Next hearing will be scheduled after Dr[.] Berlet and Dr[.]
Lin[']s [appointments]. No new testing since last visit. Pain
level today is 5/10.
REVIEW OF SYSTEMS:
Constitutional: POSITIVE for abnormal gait, trouble
sleeping.
Musculoskeletal: POSITIVE for joint pain, joint stiffness,
muscle weakness.
Neurological: POSITIVE for burning sensation. Negative for
numbness, tingling.
EXAMINATION:
Constitutional: Donna is right handed. She appears to be
healthy. Her body habitus is mesomorphic. Her complexion
is normal. She looks to be her stated age. Donna is able to
move with difficulty.
Left Foot and Ankle: Dorsiflexion can be performed with
pain. Eversion can be performed with pain. Inversion can be
performed with pain. Dorsalis pedis pulse is present.
Posterior tibialis pulse is present. Range of motion is limited.
Swelling is present over the lateral malleolus. Tenderness is
present over the peroneal tendons. No change.
Lumbar Spine: Bruising is absent. Movement of the low back
causes discomfort. Range of motion is mildly limited.
Tenderness to palpation is present over the right
paraspinous muscles.
DIAGNOSIS: 1. Fracture ankle, lateral malleolus (closed),
left (824.2).
DISCUSSION: Due to Donna's progressive pain symptoms,
she has been restricted to a seated job assignment.
No. 12AP-879 15
PLAN OF CARE: Dr. Gregory Berlett [sic] has recommended
surgery. C-9 submitted and denied. (2/17) Patient had an
IME on 1/18. Ortho F/U scheduled.
MEDICAL CAUSATION: The cause of this problem is related
to work activities.
RECOMMENDED WORK STATUS: Donna's recommended
work status is restricted duty. The effective date for this work
status is 1/17/2012.
(Emphasis sic.)
{¶ 41} 12. Following the February 17, 2012 examination, Dr. Cummings completed
another C-84 and MEDCO-14. The C-84 extended the period of TTD to March 30, 2012.
Both documents restrict claimant to a "[s]eated job assignment." As earlier noted, the C-
84 form asks the physician to "[l]ist diagnosis(es) for allowed conditions being treated,
which prevent return to work." In response, Dr. Cummings wrote: "1. Fracture, ankle,
lateral malleolus (closed), left (824.2)."
{¶ 42} 13. On February 20, 2012, at claimant's own request, she was examined by
Gregory C. Berlet, M.D., at the Orthopedic Foot & Ankle Center located in Westerville,
Ohio.

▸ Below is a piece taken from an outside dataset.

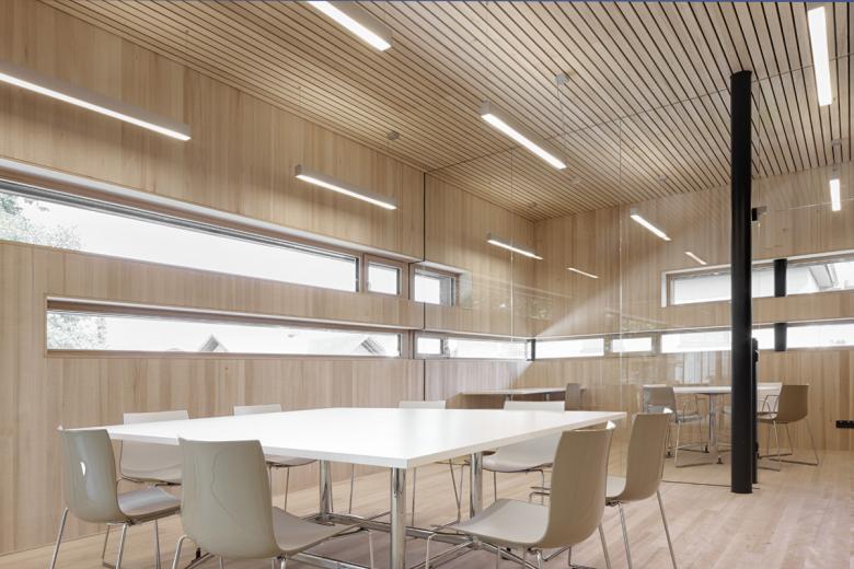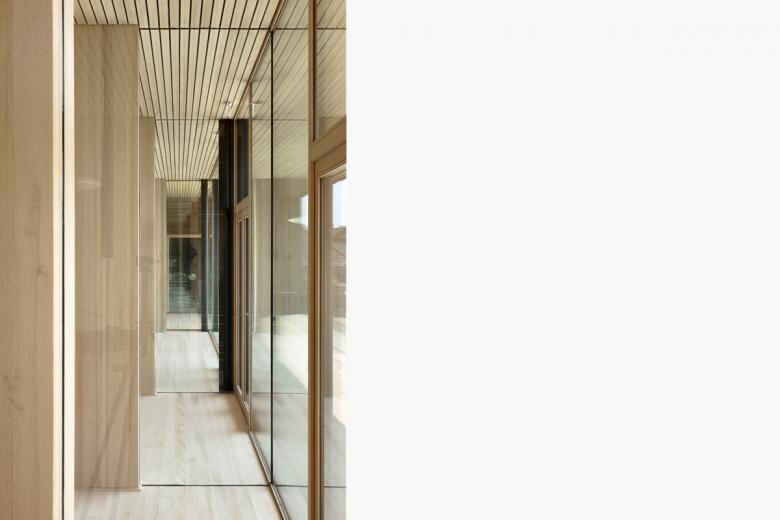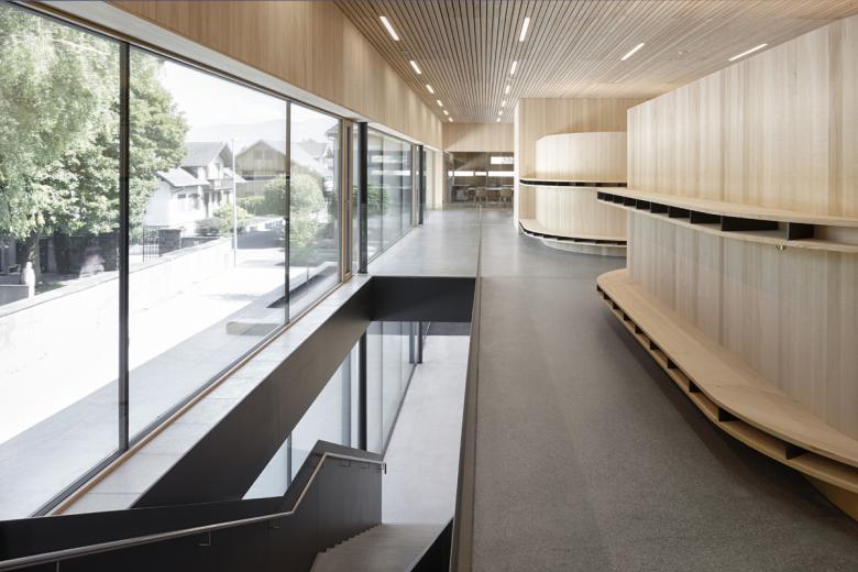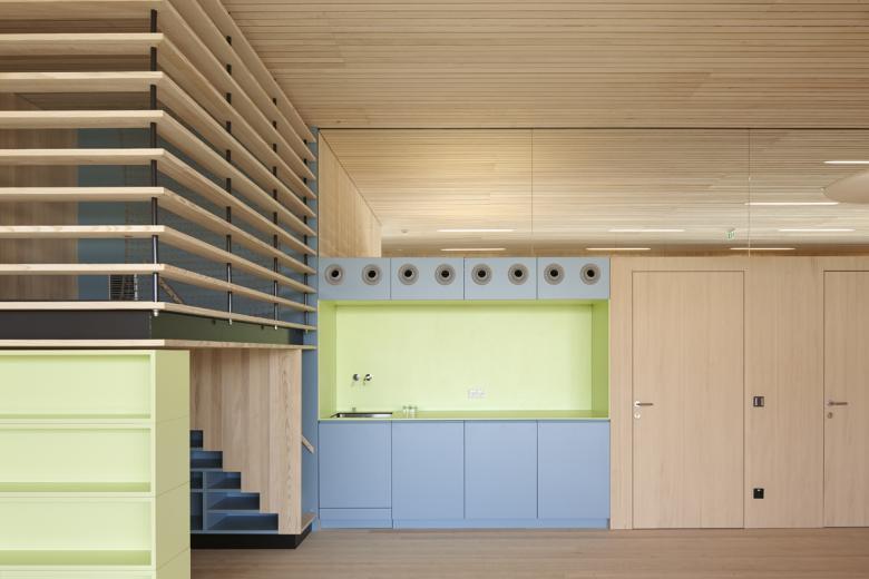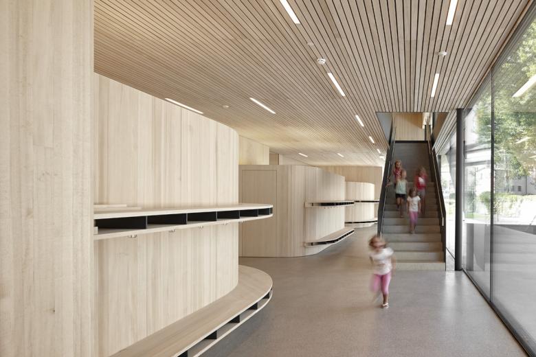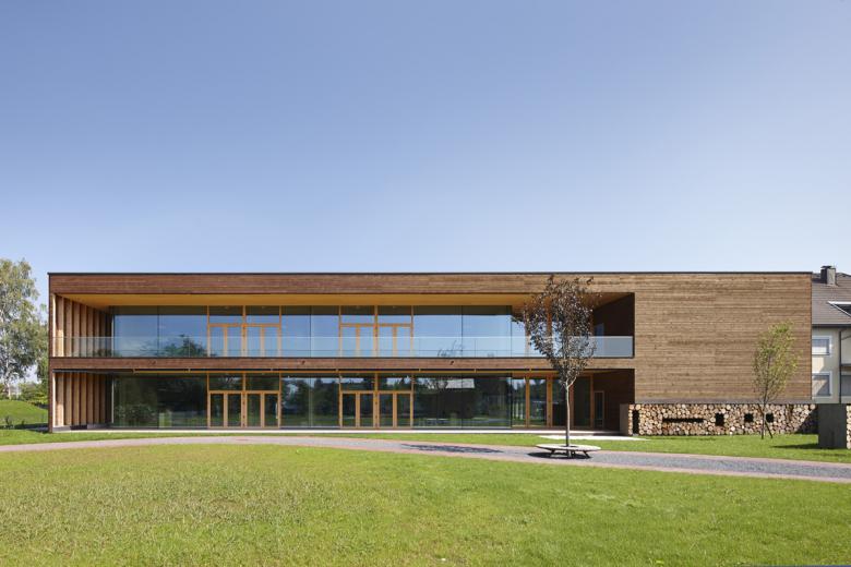 Das kompakte Gebäude mit Kindergarten, Mehrzwecksaal und Ortsteilbüro definiert ein neues Zentrum für Lustenau-Rheindorf. Es gibt keine Vorder- und Rückseite, der Baukörper öffnet sich nach Norden – Straßenraum und Foyer des Ortsteilzentrums – wie nach Süden – Spiel- und Freiräume. Die Schmalseiten verstärken die Körperlichkeit mit geschlossener Hülle. Nach Osten, zur Zufahrt, mit den abstrakten Öffnungsschlitzen, nach Westen mit dem Außentreppenraum. Durch die Positionierung des maßstäblichen Baukörpers entlang der Friedhofsmauer werden natürliche Außenräume geschaffen. Es entsteht ein „Campus“, die rad- und fußläufige Erschließungsachse fokussiert den Kirchturm, der Angel- und Orientierungspunkt des Ortsteiles Rheindorf.

Dr. Berlet issued a two-page narrative report, stating:
Ms. Boyd Shawver is in today and believe it or not it has been
a year since I have seen her. That is really hard to believe
because when I saw her a year ago she was a patient who had
very legitimate discomfort. Her story is well documented.
She had a work associated injury of 8/12/2009. She had
surgery performed by Dr. Song and it did not work. This is
not the fault of the patient but her ankle is not good. I
rendered the opinion last year that she had recurrent ankle
instability that we were going to need to address this and
somehow she has been caught up in the bureaucracy of it all
over this last year.
So where we are now is she is no longer able to work. Dr.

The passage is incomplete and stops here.